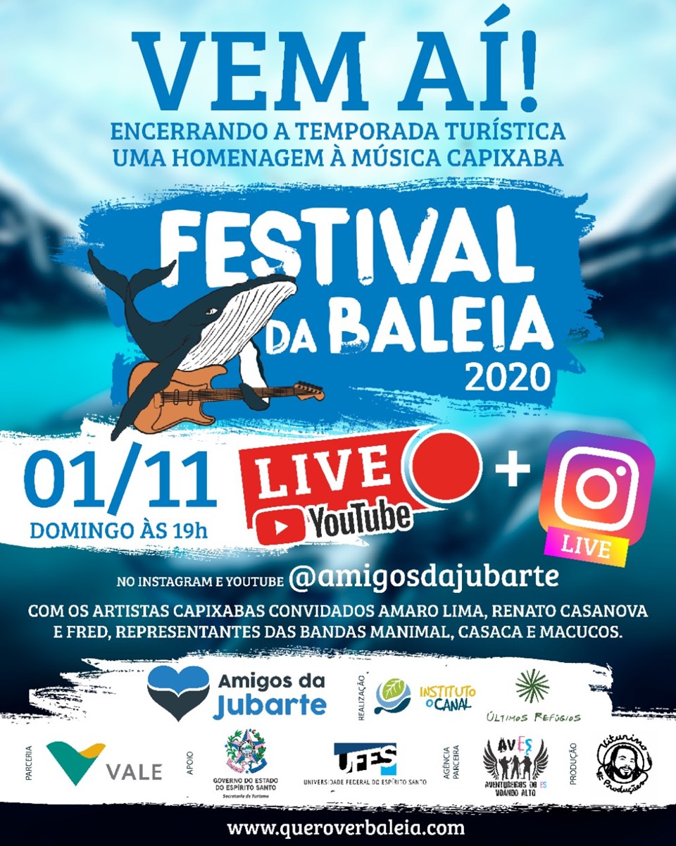 Fechando simbolicamente a temporada em águas brasileiras e o início da migração das baleias jubartes para a Antártica, acontece no dia 1ª de novembro o Festival da Baleia em formato de live. O evento que conta com apoio do Governo do Estado, por meio da Secretaria de Turismo (Setur), homenageará a música capixaba.
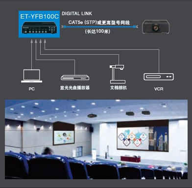 基于HDBaseTM協(xié)議,DIGITAL LINK可通過一根CAT5e(STP)或更高型號網(wǎng)線,傳輸非壓縮全高清視頻和控制信號長達100米。使用選配件高清數(shù)字傳輸盒,可使大型場館內(nèi)投影機的安裝更為簡便,同時降低使用成本,提高可靠性。
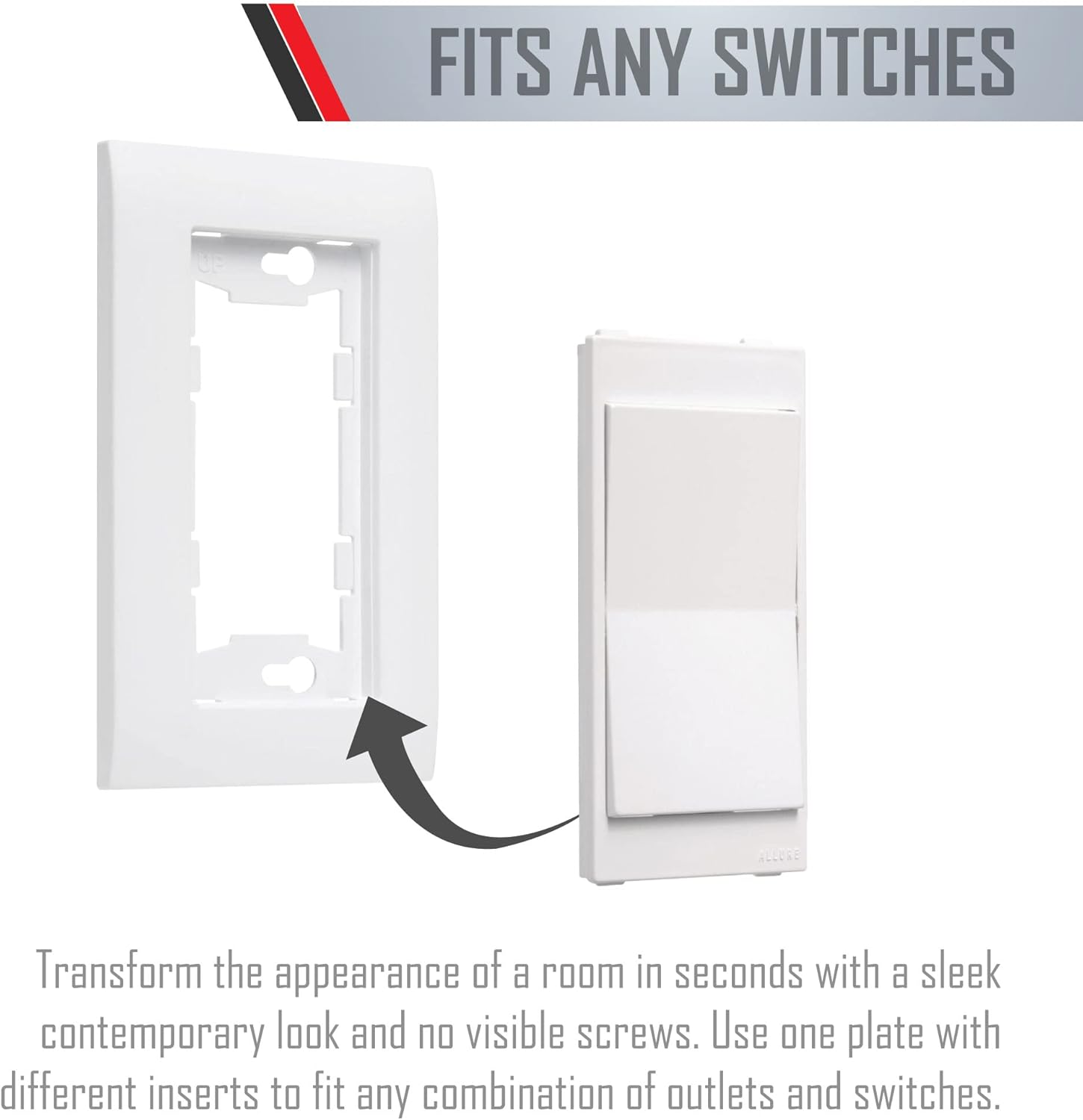 BRIGHTEN UP YOUR DECOR Make a significant upgrade to your renovation and home improvement efforts. Our ALLURE cover-up electrical outlet covers and toggle switch wall plates can upgrade the appearance of any room in seconds by securely covering older fixtures. Deal with discolored decorator outlets and yellowed, cracked, or paint-stained outlet covers with ease. Simply replace the older rocker switch or wall outlet cover with an ALLURE electrical outlet cover, snap this insert into place, and you’ll get a bright, new-looking outlet in minutes. The jumbo size also lets you cover up older overpainted edges so you don’t have to waste time on them either. QUALITY DECORATOR WALL PLATES FOR A CONTEMPORARY FEEL Enjoy classy new electric outlets and switches in your remodeled home or shop. Our smooth, decorative wall outlet covers have a designer look with unobtrusive features and a smooth finish for easy cleaning. They’ll blend right in with the subdued home decor or with commercial establishment fixtures. They’ll also resist normal wear and tear in your new setting. Our wall plates for electrical outlets and toggle switches are made from high-quality plastic. These nearly-unbreakable plates won’t crack or distort during installation, making your job much easier. EASY INSTALLATION Save time and money on installing our discreet cover fixtures. You won’t need to replace and re-wire the entire electrical outlet. All you have to do is remove the old cover and screw our newer cover into place using the provided screws with a matching finish. You can refit several older electrical outlet covers in the room within minutes. Get our ALLURE cover-up electrical outlet covers and rocker switch wall plates today and make fast, impressive upgrades to your existing wall fixtures.
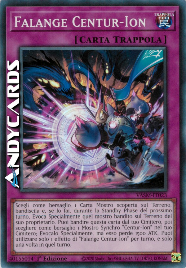Scegli come bersaglio 1 Carta Mostro scoperta sul Terreno; bandiscila e, se lo fai, durante la Standby Phase del prossimo turno, Evoca Specialmente quel mostro bandito sul Terreno del suo proprietario. Puoi bandire questa carta dal tuo Cimitero, poi scegliere come bersaglio 1 Mostro Synchro "Centur-Ion" nel tuo Cimitero; Evocalo Specialmente, ma esso perde 1500 ATK. Puoi utilizzare solo 1 effetto di "Falange Centur-Ion" per turno, e solo una volta in quel turno.
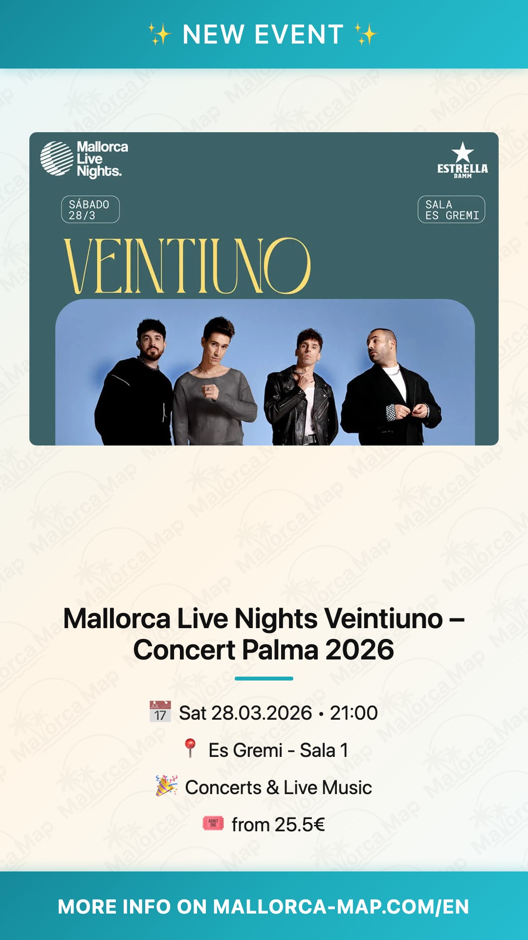 Head to Gremi de Porgadors 16 in Palma's 07009 postcode for easy access via public transport or a short walk from the city center. Secure your spot early for this highlight of Mallorca's 2026 live music scene – don't miss Veintiuno lighting up the night!
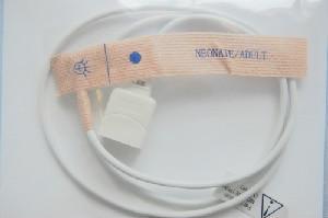 一次性血氧探头通常是用于检测血氧水平的仪器。它是将探头与适配监护仪配合使用,指套固定在病人指端,通过监护仪,可以得到SpO2、脉率、脉搏波。脉搏血氧仪由一个探头和一个微处理器单元组成,该微处理器单元可显示波形,计算出的氧饱和度百分比和平均脉搏率。当检测到血氧水平低或心跳过快或心跳过慢时,会发出警报,脉搏血氧可测量并显示动脉血中的脉搏率和血红蛋白饱和度
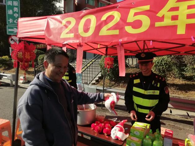 廈門高速執(zhí)法支隊聯(lián)合地方交通執(zhí)法、高速運營、消防、應(yīng)急等單位在同安收費站外廣場開展志愿服務(wù)活動,通過春節(jié)寄語、有獎競猜、寫春聯(lián)、寫福字等環(huán)節(jié),為司乘人員送出春聯(lián)、中國結(jié)、福字窗貼、蛇年吉祥物、愛心銀耳羹等暖心禮品。同時,執(zhí)法員聯(lián)合消防員向駕駛員講解冬季安全出行、處置汽車火情等知識,幫助對車況進行檢查、排除行車隱患,一同攜手共筑春運平安路。

————

▶ **What to work on**
In the listing above, find the line containing "一次性血氧探头通常是用于检测" and restate it and every later line verbatim, with the pictures left out.

▶ **Reply**
 一次性血氧探头通常是用于检测血氧水平的仪器。它是将探头与适配监护仪配合使用,指套固定在病人指端,通过监护仪,可以得到SpO2、脉率、脉搏波。脉搏血氧仪由一个探头和一个微处理器单元组成,该微处理器单元可显示波形,计算出的氧饱和度百分比和平均脉搏率。当检测到血氧水平低或心跳过快或心跳过慢时,会发出警报,脉搏血氧可测量并显示动脉血中的脉搏率和血红蛋白饱和度
 廈門高速執(zhí)法支隊聯(lián)合地方交通執(zhí)法、高速運營、消防、應(yīng)急等單位在同安收費站外廣場開展志愿服務(wù)活動,通過春節(jié)寄語、有獎競猜、寫春聯(lián)、寫福字等環(huán)節(jié),為司乘人員送出春聯(lián)、中國結(jié)、福字窗貼、蛇年吉祥物、愛心銀耳羹等暖心禮品。同時,執(zhí)法員聯(lián)合消防員向駕駛員講解冬季安全出行、處置汽車火情等知識,幫助對車況進行檢查、排除行車隱患,一同攜手共筑春運平安路。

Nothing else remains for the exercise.